Mike tells the detective that Dennis killed her in order to protect his blossoming football career and his relationship with Casey. Sandra is reluctant to believe him, as Katie tells her that Mike was obsessively in-love with Missy but never returned the feelings.

Katie recalls the events of the party and how she asked Mike to rekindle the brief romance they had years ago but he rejected her as he always held out hope Missy would love him back. Katie in anger almost sleeps with Dennis who wanted to get with her in order to make Mike jealous but turns him down after a brief kiss.

Sandra interrogates Dennis who says that Missy's death was an accident. Mike had pulled out the gun on Dennis in the hotel after conspiring with Missy to reveal the pregnancy to Casey, but Dennis grabs onto Missy and threatens Mike into putting the gun down. Mike lunges towards Dennis to try and free Missy but he unintentionally pulls the trigger and Missy is shot in the neck and bleeds out.

One thing Sandra can't help but think about is the fact that Mike had recorded most of the events that night but for some reason, never recorded the incident in the hotel. Katie insists he was always filming, especially when he was around Missy.
Sandra is not sure whom to believe and gathers all of the witnesses together in one room, she asks Mike again if there was video footage from the hotel room but he reiterates that he did not film any. She then tells them the truth about Missy's past, that there was no abortion, only a miscarriage. Missy's mother was institutionalised for most of her life and Missy herself also suffered from bipolar disorder and suicidal tendencies. Therefore, Sandra determines that Missy took them to the hotel that night to kill herself in front of Dennis as revenge. She left his football jersey behind as evidence to frame him and she knew Mike would go along with it to make Dennis suffer.

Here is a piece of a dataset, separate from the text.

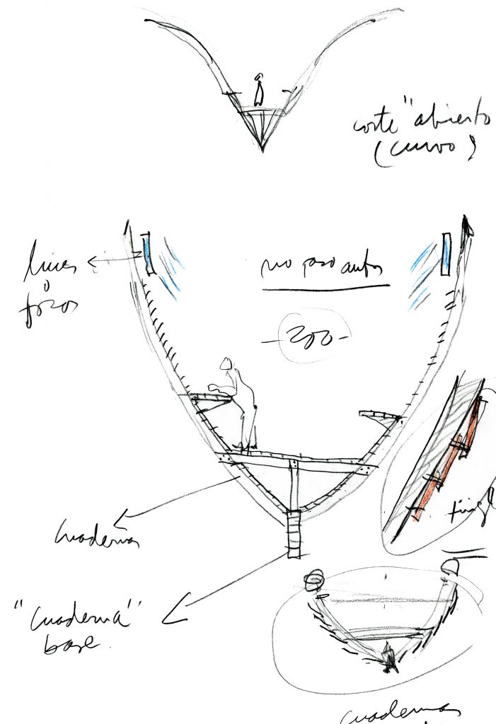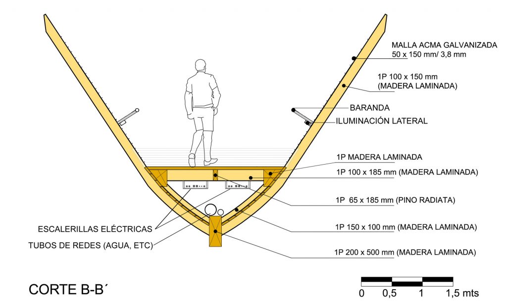 Las deformaciones son controladas por el total formado por esta viga madre y dos vigas secundarias paralelas, ubicadas a los costados. Las tres vigas se unen por las “cuadernas” y por el entablado. Los elementos interiores están comprimidos o traccionados.

Sandra shows the entire group Missy's dead body in order to put across the severity of what happened to her and allows them all to leave. She keeps Mike behind for a moment to give him the card-game box that belonged to Missy. Mike, saddened by the death of Missy gives the box to Katie to take, who plans to go travelling by herself to clear her head.

Later, as Katie is set to depart, she looks inside the box and notices a tear in the fabric bottom. She finds a video camera memory card tucked inside which contains the missing footage from the night in the hotel room.

In the footage, Missy held up the gun to Dennis and threatens to call Casey and tell her the truth about their relationship but is double crossed by Mike who takes the gun from her. He grabs onto her and tells Missy he is tired of helping her constantly only for her to choose Dennis every time. Dennis says "game over" to Missy and pulls the trigger while the gun is in Mike's hand, killing her.

Mike is distraught over Missy's death and the plan was only to scare her but Dennis took it too far. He tells Mike to say it was a suicide but he refuses, grabs the camera and runs to hide the footage and therefore conceal his part in her death.

==Cast==
- Matt Lanter as Mike
- Sara Paxton as Katie
- Gillian Zinser as Missy
- Randy Wayne as Jack
- Darin Brooks as Brax
- Alice Evans as Sandra
- Torrance Coombs as Dennis
- Tiffany Mulheron as Angie
- Stephanie McIntosh as Casey Kass
- Henry Hereford as Constable Peter Franks

==Production==
Filming commenced on April 18, 2011 in Los Angeles. Matt Lanter revealed in a recent interview that his character, Mike, will be "pining after one girl (Gillian Zinser) and this other girl is pining after me (Sara Paxton) It’s like this whole web of desire. It always creates tension and drama."

==Reception==
On Rotten Tomatoes, a review aggregator the film holds a 22% liked it rating, with an average rating of 2.3/5 based on 216 user raters.